Cities are shaping the future of global affairs.

Over the next seven days, tens of thousands of people from around the world will convene in Quito for Habitat III. Heads of state, mayors, corporate leaders, and civil society representatives will join this United Nations conference to explore ways in which cities shape the planet. Through mass urbanization and growing economic power, cities are poised to shake up the future world order.

In terms of sheer economic size, today’s top cities already belong to an elite class of global actors that includes large nation-states and leading multi-national corporations. My organization, the Chicago Council on Global Affairs, has found that 42 of the largest 100 economic entities in the world are cities. This marks a significant increase over a 2010 study by the World Bank when cities accounted for 34 of the 100 largest economies. Cities—which have long been hubs of the global economy, facilitating both flows and concentrations of people, goods, resources, and wealth—are now amassing economic power at an accelerating pace. 

But when Tokyo and New York City have GDPs that rival those of Canada, Spain, and Turkey, what does that really mean for their political influence?

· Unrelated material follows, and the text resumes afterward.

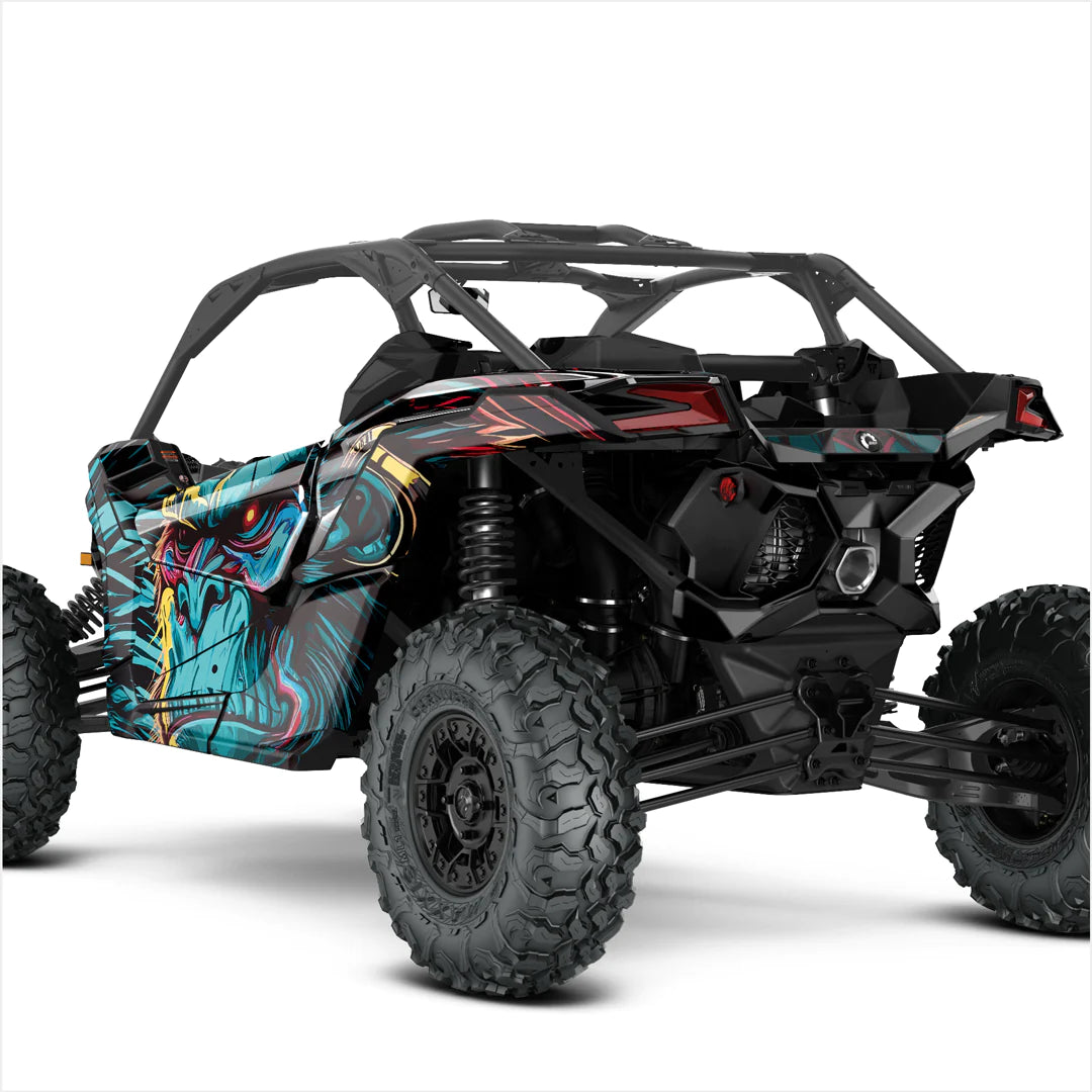 Τα αυτοκόλλητα υψηλής ποιότητας και εξαιρετικής σχεδίασης ειδικά για το Can-Am Maverick X3 (2 πόρτες) προορίζονται για τις πιο δύσκολες συνθήκες εκμετάλλευσης. Μπορεί να εφαρμοστεί σε επίπεδες και ελάχιστα καμπυλωτές επιφάνειες, επομένως χρησιμοποιείται laminate ειδικής αντοχής, που εξασφαλίζει μακροχρόνια προστασία από τις ακτίνες UV, τη βρωμιά, τη σκόνη, το χαλίκι, το νερό και τις γρατσουνιές.
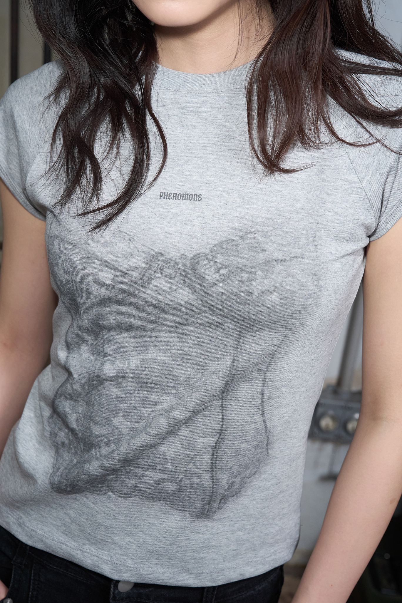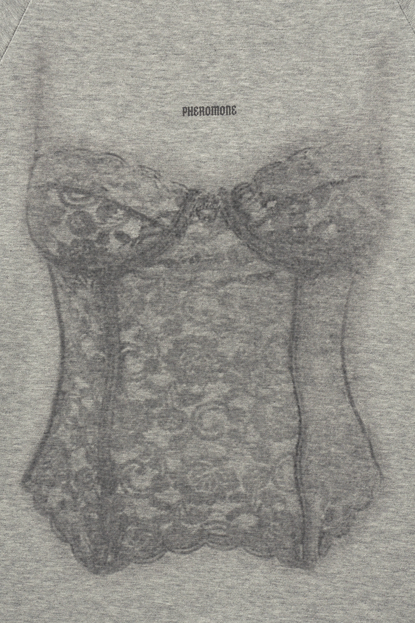 - PHEROMONE 텍스트와 코르셋 디지털 프린팅 아트워크를 믹스했습니다.

Like countries, cities–and networks of cities–can use economic leverage to achieve global governance goals. The beginnings of the G7, as well as other politically influential emerging market groups like the Asian Tigers (Hong Kong, Singapore, South Korea, and Taiwan), BRICS (Brazil, Russia, India, China, and South Africa), and MINT (Mexico, Indonesia, Nigeria, and Turkey), have their origins in economic ascendancy. And if many cities now have economic footprints on par with influential nation-states, it stands to reason that they will have similar opportunities to band together to encourage, limit, and channel economic activity—not just within their bounds but across continents.

The rise of cities parallels the increasing impact of the multinational corporations (MNCs) featured on our top 100 economies list. MNCs have exercised extraordinary, if sometimes controversial, influence by using their economic might to shape business-friendly trade deals, tax structures, and environmental regulations. So when Mexico City and Guangzhou have economic outputs comparable to the world’s seven largest corporations—Wal-Mart, Royal Dutch Shell, China Petroleum & Chemical, Exxon Mobil, British Petroleum, PetroChina, and Volkswagen—it’s worth examining how they too might exercise similar influence. Though cities lack the leverage provided by corporate mobility, they possess even greater credibility as politically legitimate actors representing the interests of their local populations.